In the present study, a Single Nucleotide Polymorphism (SNP) was observed, which was a C/T at 3484 bp in exon 2. In exon 2, Recessive White, Xiaoshan and Baier chickens were in Hardy-Weinberg equilibrium (p>0.05) and Silkies and Tibetan chickens were significant departure from Hardy-Weinberg equilibrium (p<0.01). These results may reveal that artificial selection, such as selecting meat traits (Ji et al., 2003; Liu et al., 2005), had a profound effect on the shaping of genetic diversities and their genetic differentiation in chicken breeds. Muscle IMP content of individuals with TT genotype in exon 2 had significant higher than that of CT and CC genotypes (p<0.05). Although, the mutation in exon 2 locus was synonymous and did not produce altered coding sequences, but this synonymous mutation might affect exon skipping, alter the predicted mRNA folding, decrease in mRNA stability and translation (Chava et al., 2007; Jubao et al., 2003; Chamary et al., 2006). Ji et al. (2005) studied GARS-AIRS-GART gene as candidate gene for muscle IMP content and detected Single Nucleotide Polymorphism (SNP) of C→A at 6545 bp in exon 4 of the gene and muscle IMP content of individuals with AA genotype had significantly higher than that of individuals with CC genotype in Silkies chicken breed (p<0.01), but the IMP content was not significantly different between these two genotypes in Recessive White chicken breed. These results reflected that one nucleotide in ADSL gene altered may change manifestation of corresponding character.

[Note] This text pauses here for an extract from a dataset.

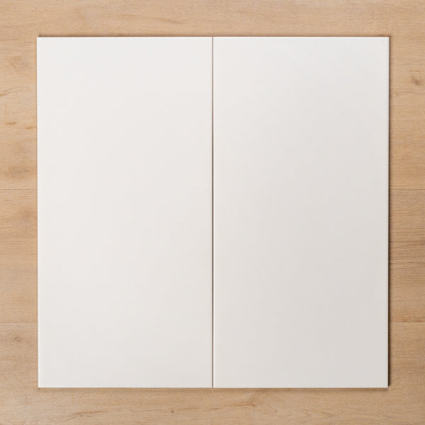 - Sleek white ceramic tile with a satin finish

PCR-SSCP analysis was carried out in exon 2 of ADSL gene in Recessive White chicken, Silkies chicken, Baier chicken, Tibetan chicken and Xiaoshan chicken. A Single Nucleotide Polymorphism (SNP) were screened, which was a C/T at 3484 bp in exon 2. The values of allele frequency varied among five chicken populations in exon 2. Muscle IMP content of individuals with TT genotype in exon 2 of ADSL gene was significantly higher that of CT and CC genotypes (p<0.05). This was useful for marker assisted selection of meat quality traits in chicken.
This research was supported by National High Science and Technology Foundation of China (2006AA10Z1D8, 2006AA10Z1E7).